Most of us know how to speak. Many of us have never learned how to communicate.

Recognize that clear, accurate and understandable verbal and non-verbal language is essential for a successful, happy and lasting marriage.

Top 10 Tips to Communicate Clearly and Effectively:

  1. There are two sides to every communication – the one who sends the communication (Sender), and the one who receives the communication (Receiver).
  2. There are two methods of communication: Verbal and non-verbal communication. Don’t forget – just because you may not be speaking, doesn’t mean you are not saying something. Often, not saying something can be more important than saying something.
  3. There are 5 behaviors to avoid because they don’t forward being understood.
  • Justifying
  • Blaming
  • Being a Victim
  • Seeking Approval
  • Hinting by Asking Questions

These behaviors cause confusion and misunderstandings and never move a conversation forward to a mutually satisfying conclusion.

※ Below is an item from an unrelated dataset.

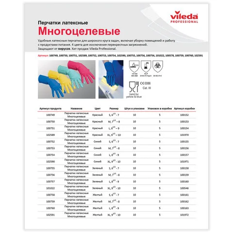 Перчатки Многоцелевые от Vileda Professional изготовлены из натурального латекса и предназначены для профессиональной уборки и выполнения различных задач, включая работу с продуктами питания и уборку помещений. Они обеспечивают защиту от вирусов и эффективно защищают руки во время работы. Подходят для использования с разведенными моющими средствами и дезинфектантами, а также для работы на сухих и влажных участках.

  1. Speak from the “I” position. “I” language is very useful for helping you assertively and accurately express what is going on inside you and express scary or negative feelings or thoughts to someone else.
  2. Every “I’ message communication has 3 parts:
  • A feeling or a request;
  • A factual description of the situation or event; and
  • The impact, effect or result it has/had on you.

Example: I felt angry when I came home and you were not ready to go. It is important to me to be able to rely on what you say to me, and it is hard for me when you don’t do what you say you will.

Example: I felt (1) angry when I (2) came home and you were not ready to go. It is important to me to be able to rely on what you say to me, and it (3) is hard for me (to rely on what you say) when you don’t do what you say you will.

  1. Be direct, use simple and clear words and be specific.
  2. Sharing your thoughts and feelings is a productive way to convey your grievances and objections when your desires and needs go unmet.
  3. Request a change after you have aired your complaint.
  4. Avoid criticizing your partner. Period! Criticizing is a desire expressed with negative energy. Criticizing is complaining gone awry.
  5. Express your angry feelings respectfully and responsibly. Anger is a normal and natural feeling state. The impulse to attack is hostility, and the behavior of attacking is violence. 

 

Remember, only YOU can make it happen!